Tasks: Classification, regression, anomaly detection, clustering, factor analysis $p(x|z,\theta) = \mathcal{N}(x|wx+\mu, \sigma)$, classification/regression with missing value (learn joint distributions and marginal out), synthesis and sampling, imputation of missing values, density estimation
Measurement: accuracy, precision, recall, calibration error, ROC.
Experience: supervised or unsupervised learning.
1. Unsupervised to supervised: $ p(y|x) = \frac{p(x, y)}{\sum p(x, y')}$.
2. Supervised to unsupervised: $ p(x) = \prod p(x_i|x_1, ..., x_{i-1}) $.

Risk, Capacity, Overfitting/underfitting

Risks:
1. Empirical risk: $ \frac{1}{n} \sum_i L(f(x_i)) $.
2. Population risk: $ \mathbb{E}_{x\sim p} [L(f(x_i))] $.
3. Structure risk: empirical risk plus regularization.
Capacity: model's ability to fit a wide range of functions (commonly also referred to as complexity). Select different hypothesis spaces to control model capacity.
Errors
1. Model error: error introduced during model selection, the ability to represent data.
2. Data error: error introduced during data sampling.
3. Optimization error: error introduced during learning, the presentation power of the weight.

Description of the image — Bias and variance trade-off. Overfitting means the model has a high training accuracy but performs poorly on the testing set. Underfitting means the model has a low training accuracy (undertrained).

The k-NN model is a good example of understanding the tradeoff figure. When K=1, the model reaches the highest capacity, and the training error is zero; however, the testing error is high given a testing sample may be far from any training data. When K=N, the model has the lowest capacity, and the training error and testing error are all high. Also, consider bias and variance, K=N has the lowest variance and K=1 has the highest variance but the lowest bias.

Double descent: As the model becomes more complex, the testing error may reduce again for a double concave shape. This is typically observed in deep learning models. The reason for such a phenomenon could be when the model reaches zero bias, the model may overfit the noise, shortcuts, and spurious correlations in the training data. As the model becomes more complex, it will learn causal relationships and become generalizable. This indicates we can apply over-parameterization when training deep learning models.

Estimation, Bias, variance

The model training process is also referred to as estimation and there are two types of estimation: point estimation, which finds optimal values for model parameters (typical way of model training ); density estimation, estimate the distribution of model parameters to access uncertainty (less efficient and rarely used).

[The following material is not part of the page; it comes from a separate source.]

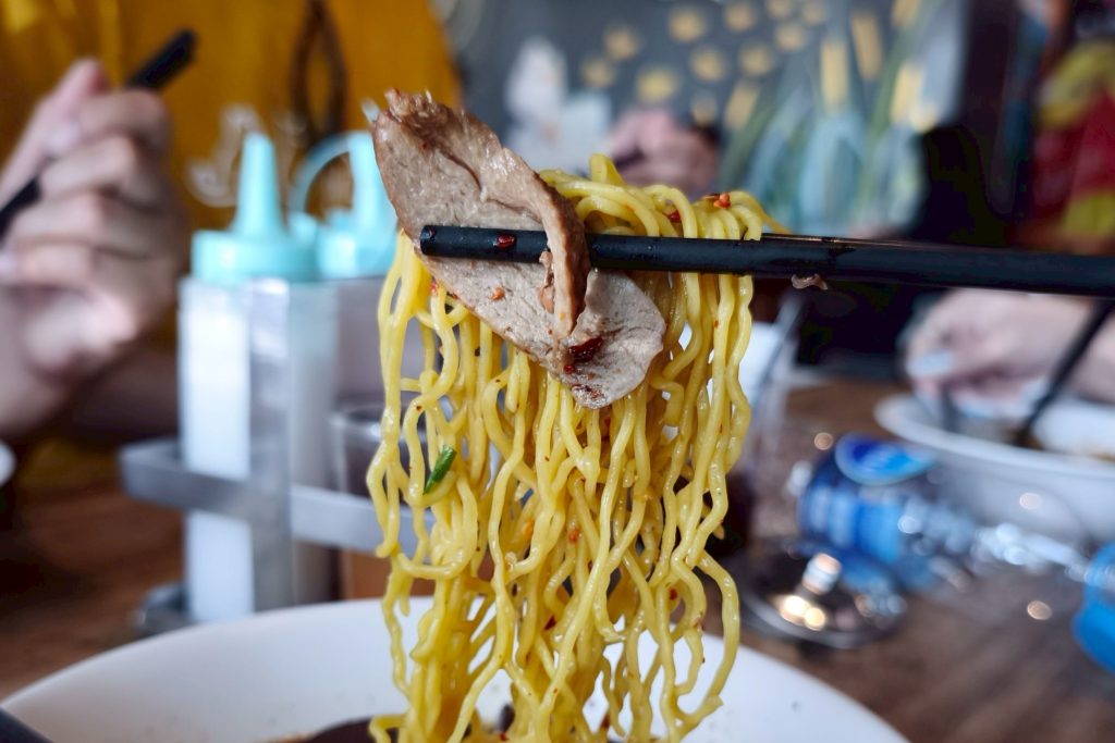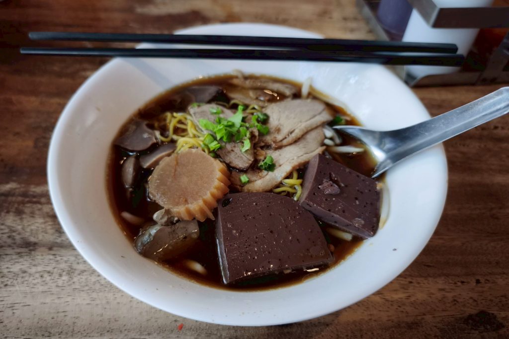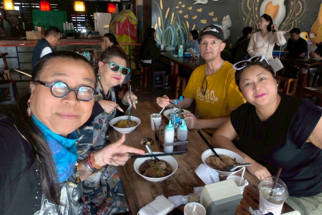 เวลาใกล้เที่ยงหลังจากเดินทาออกจากตลาดนัด พวกเราก็พากันแวะรับประทานอาหารมื้อเที่ยงกัน โดยมื้อนี้ก็จัดเป็นก๋วยเตี๋ยวเรือร้านดัง ที่ร้าย “เตี๋ยวเป็ดกลางดง” ร้านนี้ลูกค้าเยอะเลย จอดรถเสร็จก็พากันเดินเข้าไปนั่งและสั่งเมนูกัน ก็เลือกเอาเมนูหลัก หรือเมนูซิกเนเจอร์ของร้านนั่นเอง หน้าตาดูดี แถมรสชาติยังโอเคอีกด้วย จัดกันคนละชามก็อิ่มกันไป อิ่มกันได้ที่ก็พากันออกเดินทางกันต่อ โดยมีเป้าหมายอยู่ที่ วัดพระขาว ระยะทางจากร้านก๋วยเตี๋ยวเป็ดไปยังวัดพระขาว อยู่ที่ประมาณ 9.8 กิโลเมตร ใช้เวลาเดินทางเพียงแค่ 10 นาทีเท่านั้นเอง

Bias measures the point estimation error. $ bias(\hat{\theta}) = \mathbb{E}(\hat{\theta}) - \theta $. A good estimator should be unbiased or asymptotically unbiased. Below, we give two examples of how to compute bias.

Mean of Bernoulli distribution: given an estimation of the parameter $ \hat{\theta} = \frac{1}{m}\sum x_i$ (sample mean), the bias is $ \mathbb{E}[\frac{1}{m}\sum x_i] - \theta = 0 $
Mean of Gaussian distribution: sample mean is also an unbiased estimation of $\mu $.
Variance of Gaussian distribution: $\sigma^2 = \mathbb{E}(x^2) - (\mathbb{E}(x))^2 $. Given an estimation $\hat{\sigma}^2 = \frac{1}{m}\sum_{i} (x_i - \hat{u})^2$, the bias is as follows: $$ \mathbb{E}[\hat{\sigma}^2] - \sigma^2 = \frac{1}{m}\sum_{i} (x_i - \hat{u})^2 - \sigma^2 = \frac{m-1}{m} \sigma^2 - \sigma^2 = -\frac{1}{m}\sigma^2$$ $ \sum_i (\frac{x_i-\hat{\mu}}{\sigma}) \sim \mathcal{X}^2_{m-1} $, where $ \mathcal{X}^2_{m-1} $ refers to the chi-square distribution (sum of the square of the standard Gaussian distribution).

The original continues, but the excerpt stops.